In the first five rounds, Agasarov played such energy-consuming chess that it did not surprise anyone that in the second half of the tournament, he somewhat slowed down. His second consecutive draw should not upset him because when you are 15, sometimes it's better not to rush than to focus all your energy on one separate game but not solve the general task. And a grandmaster's point in the memorial "costs" 6.5 points (or "+4").


Now, for Benik, everything or almost everything will be decided in the game with Grebnev, and in the case of a draw, the final round will certainly not become an empty formality.


The day before, Grebnev painfully missed the victory over Movahed – in the 7th round, Alexey received compensation for that slip in the game with Shahinyan. The success of the Russian was predetermined by the opponent's extremely unsuccessful choice of the opening variation. David got a very poor version of the Modern Benoni: literally all his pieces were passive and cramped, and the standard counterplay in the center and on the queen's flank was not even visible. The white pieces calmly increased the pressure, practically tying up the opponent, and the queen exchange finally freed their hands.


After 26.Qxc3 Nxc3 there was no need to come up with anything: 27.Rc4! and under the threat of losing a piece, black was forced to give up material – 27...Rxb6, and after 28.Bxb6 f5 29.e5! – to resign. Further material losses were inevitable...


In the third position after defeating Shuvalova, Davtyan emerged. A hat-trick in the last three rounds became a worthy reward for Arsen's combative and spirited style of play. If not for the frustrating loss in the 1st round and missed chances at the start in other games, he could and should have joined the battle for victory in the tournament and the coveted point.
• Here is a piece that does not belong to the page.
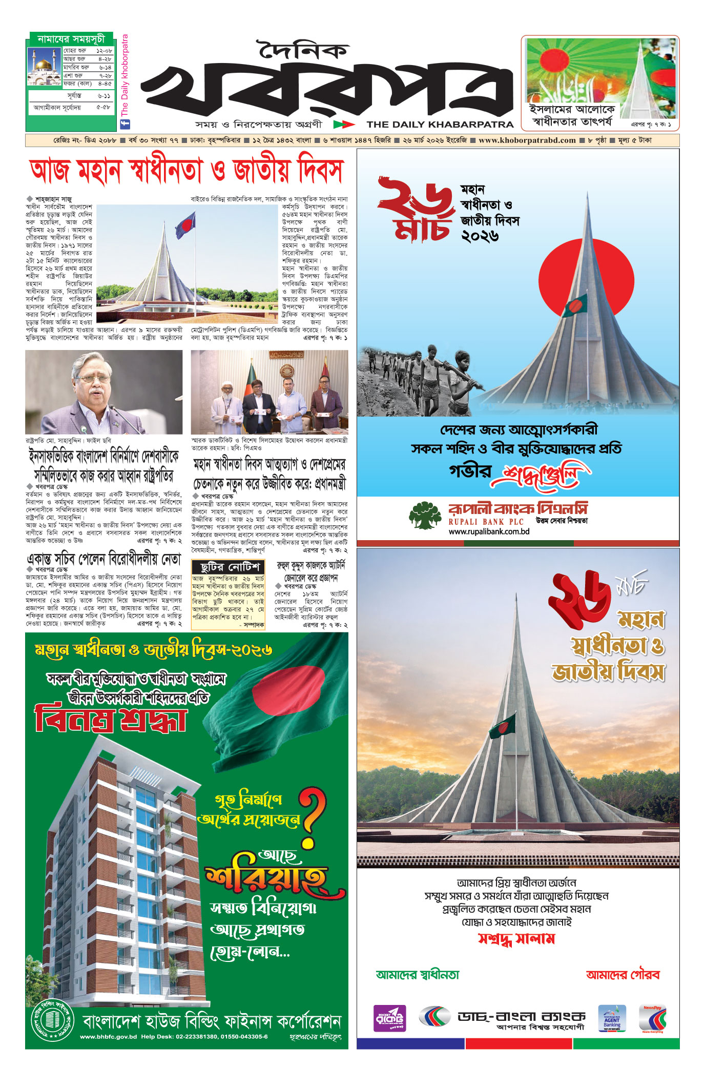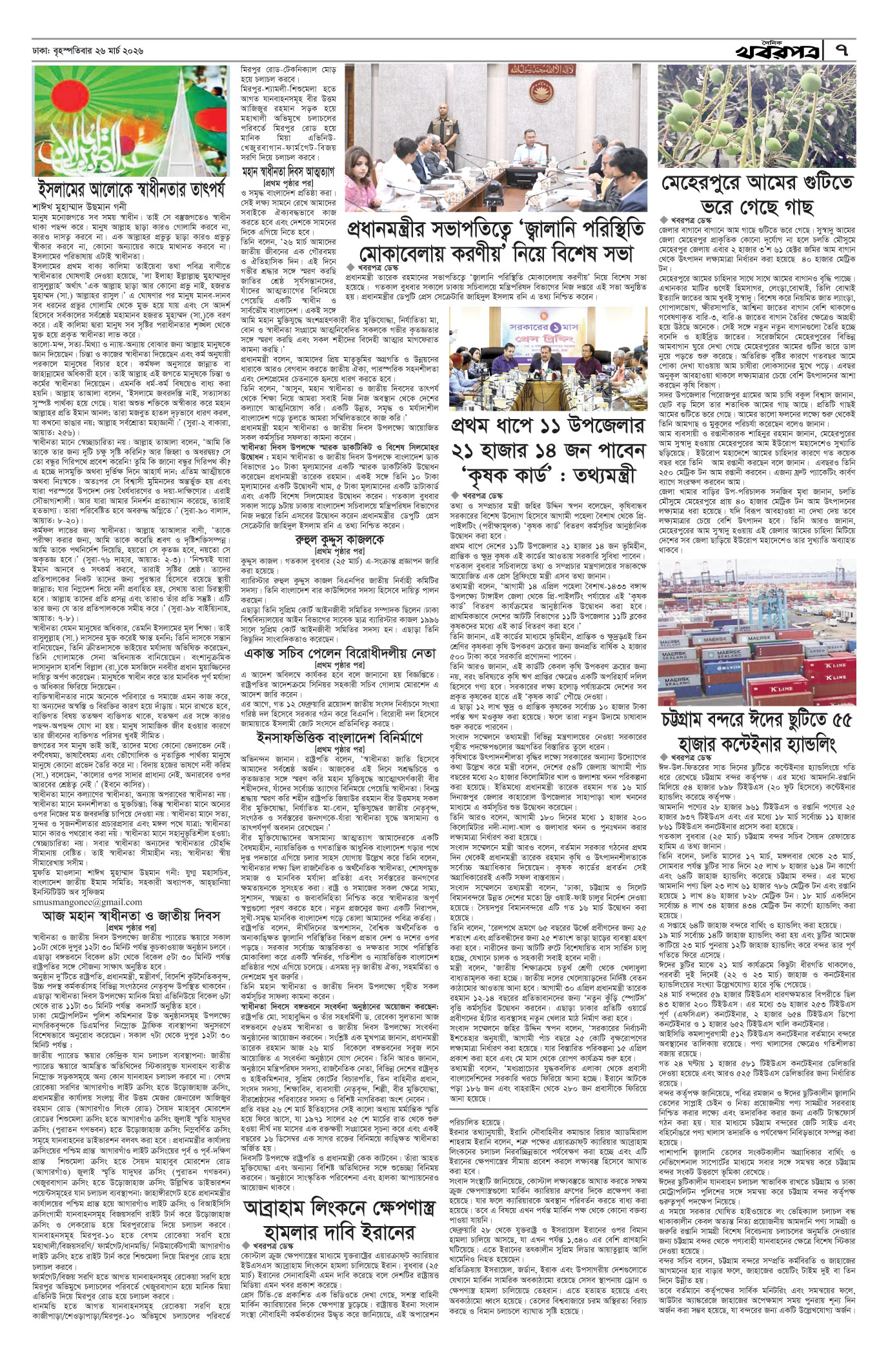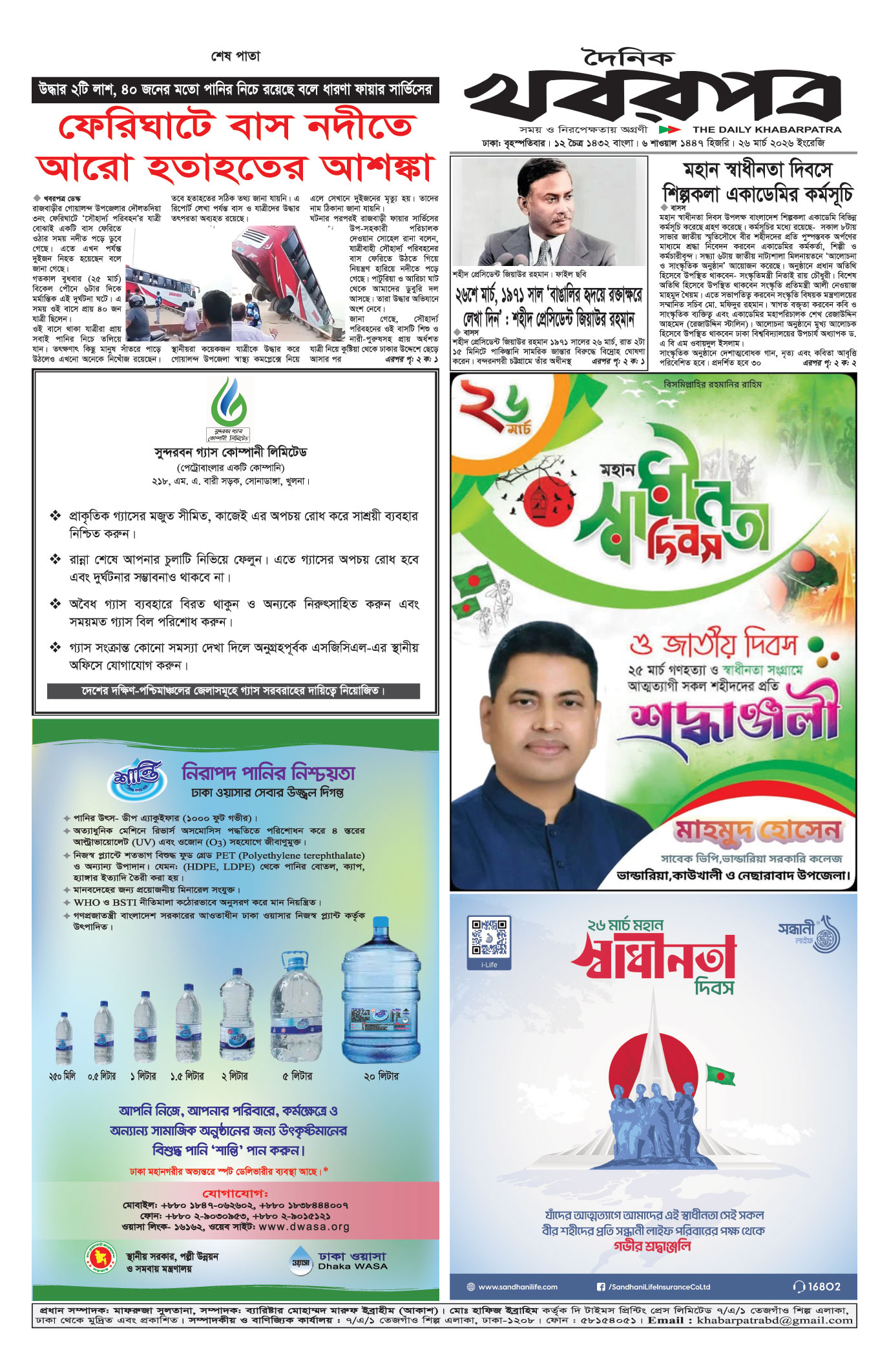 প্রধান সম্পাদক: মাফরুজা সুলতানা, সম্পাদক: ব্যারিষ্টার মোহাম্মদ মারুফ ইব্রাহীম (আকাশ)। মোঃ হাফিজ ইব্রাহিম কর্তৃক দি টাইমস প্রিন্টিং প্রেস লিমিটেড ৭/এ/১ তেজগাঁও শিল্প এলাকা, ঢাকা থেকে মুদ্রিত এবং প্রকাশিত। সম্পাদকীয় ও বাণিজ্যিক কার্যালয় : ৭/এ/১ তেজগাঁও শিল্প এলাকা, ঢাকা-১২০৮। ফোন : ৫৮১৫৪০৫১। Email : khabarpatrabd@gmail.com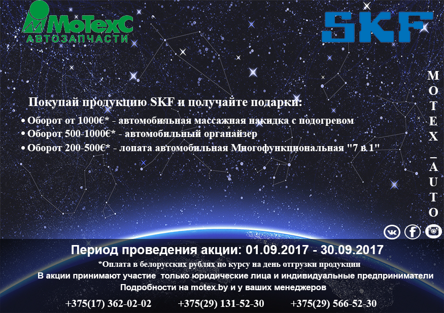 Уважаемые клиенты! C 01.09.2017-30.09.2017 будет проходить акция SKF

He has all the necessary qualities!


For example, against the only girl, he behaved far from gentlemanly. Polina, playing with the black pieces, boldly acted in the spirit of the Marshall Attack, offering a pawn sacrifice but received an unexpected counterargument, momentarily losing the thread:


That's where Davtyan confused her with a series of subtle moves: 15.Ng4! Nxg4 16.Qxg4 g6 17.Qh3. After this, it turned out that black couldn't simply defend the e4 pawn. In the case of 17...f5 there follows 18.f3! exf3 19.Nxf3, and around the king, there are too many weak squares – white pieces immediately swarm around the king. In case of 17...Nc6, as Shuvalova played, simply 18.Bxe4! Nxd4 19.Bxb7, and White has a healthy extra pawn.
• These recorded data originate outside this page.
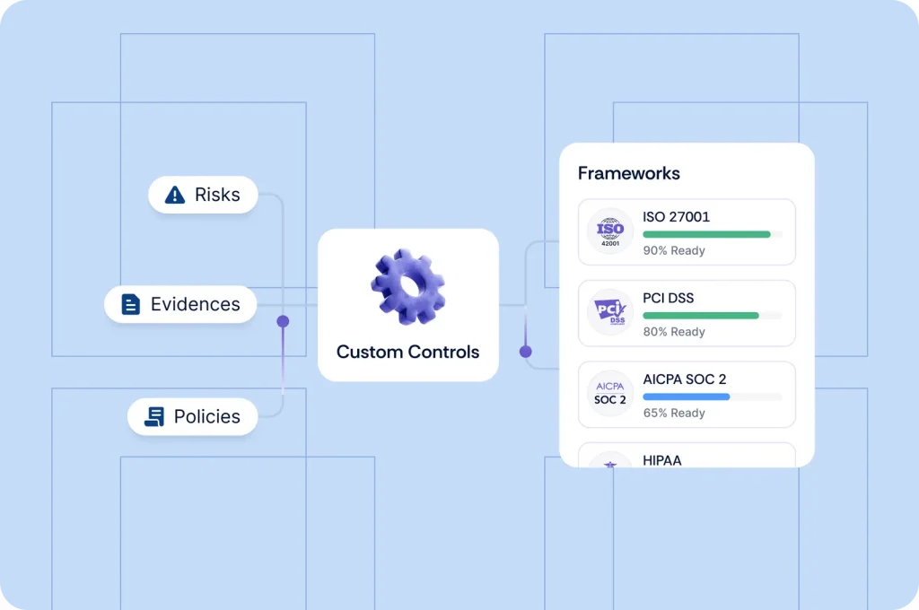 • Work across 35+ security and privacy frameworks like SOC 2, ISO 27001, and HIPAA, and even customize frameworks if needed.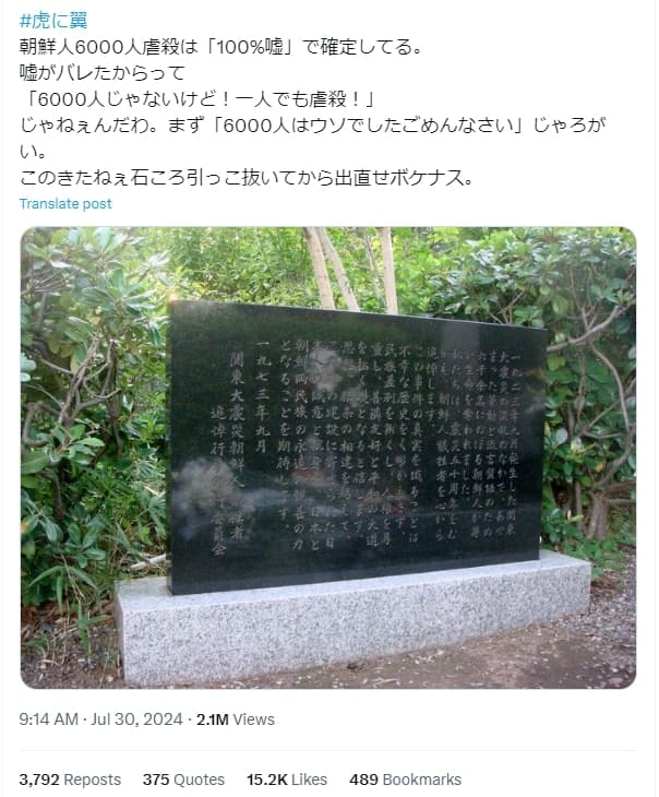 2024年7月30日、「朝鮮人6000人虐殺は「100%嘘」で確定してる。/嘘がバレたからって/「6000人じゃないけど!一人でも虐殺!」/じゃねぇんだわ」などの投稿が拡散した。この投稿は、8月7日までに214.2万回の閲覧回数と4100件以上のリポストを獲得している。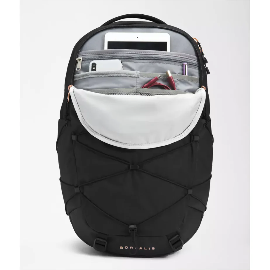 Women's Borealis Backpack in TNF Black Heather Burnt Coral Metallic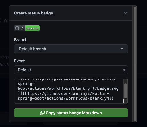 workflow 결과 상태를 badge 로도 보여줄 수 있다. workflow 로 가서 우측의 Create status badge 를 눌러준다.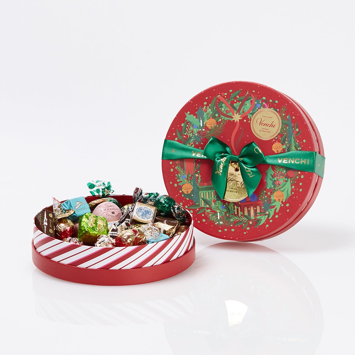 レッドベースのギフトボックスにリースが映えるデザインのクリスマスハンパー。PICK&MIXで人気のチョコレート12種類25個をアソートしています。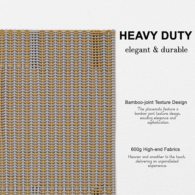 - Quality Material: Crafted from 70% PVC and 30% polyester, our placemats boast a heavier weight than other placemats on the market, combined with precise and dense weaving techniques, making these woven placemats feel thicker and more durable. These vinyl woven place mats are washable, stain-resistant, heat-resistant, non-slip, and long-lasting without fading.
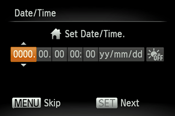 - Unless you set the date, time, and home time zone, the [Date/Time] screen will be displayed each time you turn the camera on. Specify the correct information.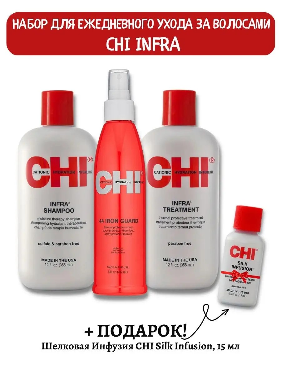 | Комплектация | Увлажняющий питательный шампунь для волос CHI Infra Shampoo, 355 мл; Кондиционер для волос CHI Infra Treatment, 350 мл; Спрей-термозащита 44 Iron Guard Thermal Protection, 237 мл; + ПОДАРОК! Шелковая Инфузия CHI Silk Infusion, 15 мл |

Black defended selflessly, but they couldn't find solutions against the extra passed pawn. The main question: will Davtyan's streak continue?


The encounter between Ivanov and Mohaved turned out to be very sharp and substantive. Almost for the first time, the St. Petersburg grandmaster found himself in the role of the defender. His ultra-sharp interpretation of the Nimzowitsch Defense almost left him with nothing: White gave up two pawns, getting practically nothing in return:

Here, it would have been better for the Iranian, without distracting himself with the white king, to continue with pown gains: 28...Nh2 29.Rd8 Qf2+ 30.Kb3 Rxd8 31.Qxd8+ Kh7, and the opponent has no threats. Instead, the black pieces rushed into the "decisive attack" – 28...Ne1+ 29.Kb3 Rxe3+ 30.Ka2 Nd3 31.Rxb7, until it turned out that an "abort" maneuver was urgently needed. As a result of exchanges a drawn queen endgame arose. 
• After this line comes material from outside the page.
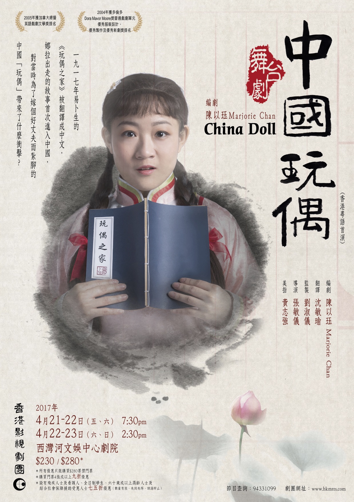 香港影視劇團2017年又一舉獻,今次選演加拿大華裔得獎劇作家陳以珏Marjorie Chan的作品《中國玩偶》China Doll。由新鮮出爐創意工業博士張敏儀執導。由黃詠文、謝月美、劉亭君及杜施聰演出。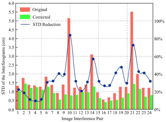 Figure 5 shows that the phase standard deviation after correction is significantly reduced compared with that before correction, indicating that GACOS has a significant effect in correcting the atmospheric delay in the area.

But it did not save the grandmaster from a fatal mistake when he had only a few moves left for salvation. Playing at the age of 62 with full intensity is not that easy. Meanwhile, Sina demonstrates some wonders of endurance and skill in the endgame: for the third day in a row, his game ends last!


Unfortunately, Babujian's sad streak continued. This time he was closer than ever to a draw – against Ohanyan, but still couldn't hold on in a heavy-piece endgame, burning out due to a weak king. Five consecutive losses and six out of seven rounds – it's painful. What can you do: modern chess, demanding tough and concrete play, is unforgiving to weakness.


Memorial A.Margaryan. Standings after the 7th round: 1-2. Agasarov and Grebnev – 5; 3-5. Davtyan, Ohanyan and Movahed – 4.5; 5. Shahinyan – 4; 7-8. Ivanov and Shuvalova – 2.5; 9. Sorensen – 2; 10. Babujian – 0.5.